Week 1 Friday

Week 1 Friday#

Announcements#

We’ll start on the library pandas next week. Most important library of Math 10.
Annotated versions of the Monday and Wednesday files are in the course notes.
For now, I’m going to keep using Deepnote to distribute files, but I will lecture locally (not “in the cloud”) using Anaconda Navigator’s Jupyter notebooks from the lab computer.
Worksheets 1 and 2 posted in Deepnote. For Worksheet 1, to get full points, please work in a group (2-3 students total). For Worksheet 2, it’s up to you if you work in a group or not.
Yufei, one of our three LAs, is here to help.
If you’re stuck on something and not able to ask in person, try asking on Ed Discussion (linked from Canvas).
I have another class at 2pm across campus, so unfortunately I can basically never stay around to answer questions.

More complex example of Boolean indexing#

Define arr as follows. We will then create the subarray of arr containing the rows which have at least two 2s using the following strategy.

import numpy as np

rng = np.random.default_rng(seed=100)
arr = rng.integers(0, 5, size=(10,3))
arr

array([[3, 4, 0],
       [2, 0, 1],
       [2, 0, 2],
       [4, 4, 2],
       [2, 3, 4],
       [4, 0, 3],
       [3, 0, 2],
       [4, 3, 1],
       [1, 3, 0],
       [2, 2, 2]], dtype=int64)

Make a 10x3 Boolean array indicating where arr is equal to 2.

arr == 2

array([[False, False, False],
       [ True, False, False],
       [ True, False,  True],
       [False, False,  True],
       [ True, False, False],
       [False, False, False],
       [False, False,  True],
       [False, False, False],
       [False, False, False],
       [ True,  True,  True]])

Use the sum method with axis=1 to find how many 2s there are in each row.

cts = (arr == 2).sum(axis=1)
cts

array([0, 1, 2, 1, 1, 0, 1, 0, 0, 3])

Use Boolean indexing to create the subarray of arr2 containing only the rows which have at least two 2s.

# Boolean array
cts > 1 # cts >= 2

array([False, False,  True, False, False, False, False, False, False,
        True])

Here we “keep” the rows corresponding to the True values, that is, we keep the rows that have at least two 2s.

arr[cts > 1]

array([[2, 0, 2],
       [2, 2, 2]], dtype=int64)

The following means exactly the same thing, but it is a little harder to read because we’ve replaced cts with the definition of cts.

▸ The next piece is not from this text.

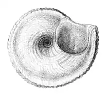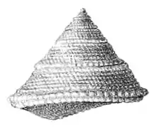 The shell is solid, trochiform and dirty whitish in color.[6] The spire is acutely conical.[6] The shell has 6 or 7 feebly concave whorls.[6] They are bearing arcuate and flexuous lines of growth and six or seven granulous lirae, whereof that immediately above the suture is the largest.[6] The body whorl is acutely angular at the periphery, encircled by two subequal granular ridges.[6] The base is concave near the circumference, then slightly convex, concentrically granosely ridged.[6] The ridges nearest the umbilicus are coarser than the others, and also arcuately radiately striated.[6] The shell has deep and narrow umbilicus.[6]
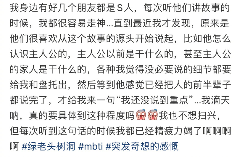 感觉N人没办法听S 人讲故事

arr[(arr == 2).sum(axis=1) > 1]

array([[2, 0, 2],
       [2, 2, 2]], dtype=int64)

We’ve seen that we can use Boolean arrays to keep certain rows. We can also use a list of indices. Here we get the row at index 9 repeated four times.

arr[[9,9,9,9]]

array([[2, 2, 2],
       [2, 2, 2],
       [2, 2, 2],
       [2, 2, 2]], dtype=int64)

Here’s a reminder of what arr is.

arr

array([[3, 4, 0],
       [2, 0, 1],
       [2, 0, 2],
       [4, 4, 2],
       [2, 3, 4],
       [4, 0, 3],
       [3, 0, 2],
       [4, 3, 1],
       [1, 3, 0],
       [2, 2, 2]], dtype=int64)

Why did we use the double square brackets above? The outer square brackets are for indexing. The inner square brackets are for a list. Why do we need the list inside? Here is what happens if we omit the inner square brackets. The 8 gets us to the row at index 8, and the 1 gets to the element at index 1 in that row. (Remember that numbering in Python starts at 0.)

arr[8,1]

On the other hand, if we use a list on the inside for indexing, then we get the row at index 8 followed by the row at index 1.

arr[[8,1]]

array([[1, 3, 0],
       [2, 0, 1]], dtype=int64)

There was a question about whether we can do the same sort of thing with columns. Here is the shortest way I know; there could be an abbreviated way to do the same thing.

arr[:, [0,1,1,1,0]]

array([[3, 4, 4, 4, 3],
       [2, 0, 0, 0, 2],
       [2, 0, 0, 0, 2],
       [4, 4, 4, 4, 4],
       [2, 3, 3, 3, 2],
       [4, 0, 0, 0, 4],
       [3, 0, 0, 0, 3],
       [4, 3, 3, 3, 4],
       [1, 3, 3, 3, 1],
       [2, 2, 2, 2, 2]], dtype=int64)

Here is a more basic example of Boolean indexing, because it’s a one-dimensional array.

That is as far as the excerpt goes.